Additionally, new fields and applications are immersed in CAGD challenges. Foremost among these are alternative materials, including new design and manufacturing (and design-for-manufacturing) techniques, carbon fiber composite materials, and additive manufacturing with materials ranging from polymers to titanium. A slightly different perspective involves meeting existing challenges by taking advantage of new approaches such as isogeometric analysis, which, among other benefits, alleviates the prevalent problem of producing grids from existing geometrical representations to perform various analyses. This in turn leads to the issues of alternative geometrical representations designed to overcome limitations to traditional representations, such as tensor-product polynomial splines and NURBS. Generally such alternatives require a tradeoff with traditional representations. Rational Geometric Splines (RAGS) [6, 7] which are designed to preserve the most important properties of the traditional spline representation without the inherent restrictive rectangular topology, offer an example of one such tradeoff. See Figure 4 for an example of RAGS modeling a surface of higher-order genus incompatible with traditional methods.

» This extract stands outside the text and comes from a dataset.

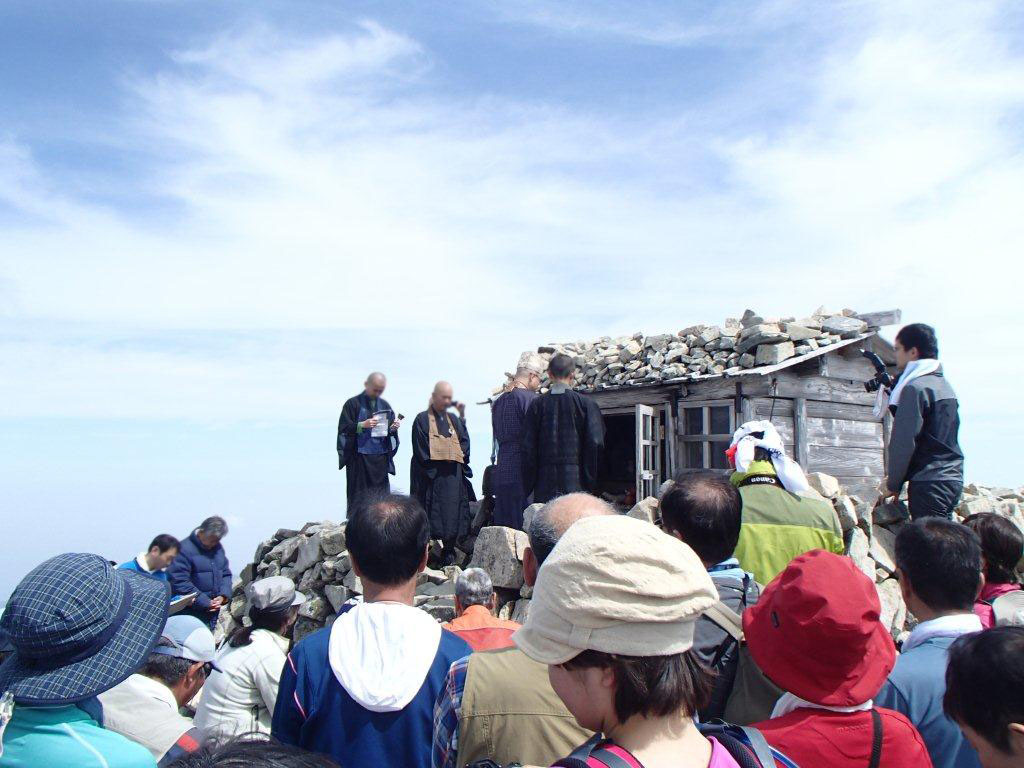 薬師岳山頂の祠に薬師如来像が安置され、登頂した約100名が再度、安全を祈願しました。

Figure 4. An example of RAGS modeling a surface of higher-order genus. On the left is a grid, and on the right is a surface with colored patches. Image credit: .
Further enforcement of interactions between CAD and virtual reality is another promising research line for the future. This might allow more intuitive means to replace the current practice of interacting with geometric models using mouse and keyboard. Fünfzig et al. offer a first step in this direction by describing a haptic interaction with a CAD profile curve . Future CAD designers might work in 3D immersion with the CAD objects and feel, move, and modify them via appropriate intuitive interfaces.
Healthy membership numbers and diversity of participating fields (academia, industry, and government) attest to both the relevance of the field and the SIAG/GD’s vibrancy. Conference attendance has remained modest but steady; the 2017 conference on geometric design will be held next July with the SIAM Annual Meeting in Pittsburgh, PA. Membership diversity is a high priority for SIAM; this is especially true within the SIAG, which reaches out to young and underrepresented practitioners and researchers through outreach programs. Meanwhile, the existence of other active contributing organizations, such as the Association for Computing Machinery’s Symposium on Solid and Physical Modeling, Shape Modeling International, and the Symposium on Geometry Processing, demonstrates the continued relevance of geometric design. In fact, the three organizations hosted a joint event—the International Geometry Summit 2016—in Berlin, Germany this summer titled the International Geometry Summit 2016. Plans for a follow-up event with SIAG/GD as a participant are materializing.